Il Primo Ministro dell’UK che con tanta baldanza ha realizzato la Brexit votata dal suo popolo cui non ha risparmiato, peraltro, un sacco di menzogne, distraendolo con un nevrotico viavai tra Londra e Kiev promettendo armi sempre più sofisticate, è stato cacciato dai suoi più fedeli e assennati compagni di partito e nel paese si attende ora un nuovo governo;
il Presidente degli Usa che, da oltre Atlantico, aveva preso posizioni forti e minacciose contro l’invasore, consapevole d’essere co-protagonista nella guerra, prende atto dello scarso consenso cui va incontro la sua azione politica e teme il ritorno del suo predecessore che la democrazia del Paese aveva messo a rischio; e, intanto, non riesce a bloccare le lobby delle armi che provocano una serie di morti assurde in patria e, forse, contribuiscono ad alimentare le guerre continue all’estero;
il Presidente della Francia che pure aveva cercato di tessere con lucida arte diplomatica un dialogo tra paese invasore e paese -vittima, ha perso le ultime elezioni e trova difficoltà nella formazione di un nuovo governo;
il Cancelliere tedesco che si è accodato ad una politica estera monotona, inviando armi e arrischiando gravi crisi economiche per il Paese, non fa che rendere più acuto il rimpianto di Angela Merkel di cui l’Europa tutta avverte la mancanza;
il Governoitaliano , nato per salvare il Paese dalla pandemia, ha praticato una politica estera in cui sono prevalsi atteggiamenti e toni i più aggressivi della UE,fino alle incredibili censure in campo culturale ; ma la maggioranza che lo sostiene si va indebolendo e le forze politiche della coalizione diventano ogni giorno più litigiose man mano che ci si avvicina alle elezioni politiche.

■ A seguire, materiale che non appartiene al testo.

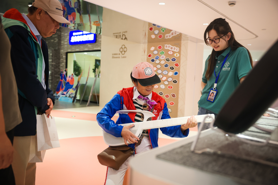 与社区小店的温情路线不同,南京路步行街第一百货七八楼的“百联繁花里”主题空间,则以7000平方米的大空间,打造科技与潮流融合的银发消费场景。

In breve, governi deboli e traballanti che però sisentono forti e autorizzati a politiche di dubbia saggezza, tutte incentrate sull’invio di armi e sulla serie infinita di pacchetti -sanzioni la cui efficacia resta tutta da dimostrare.
Il “senso comune”, aldilà delle spiegazioni fornite dal mass-media, intuisce che, se le industrie più floride sono quelle che producono armi, prima o poi devono essere elaborati plausibili pretesti per usarle.( Salvo poi a chiedere scusa, come fece Tony Blair per la guerra in Iraq).
Ma forse devono essere tenute presenti anche le riflessioni che J.Eaton (professore di Economia politica) sviluppava a metà del secolo scorso: “ gli antagonismi delle potenze imperialistiche si risolvono necessariamente con la guerra poiché non v’è altro mezzo per redistribuire le aree del mondo…”.
Ma, peggio ancora, è il rischio che “ un pugno di potentati industriali tenga nelle proprie mani i destini della “ democrazia “ in America , in Europa e in tutto il mondo.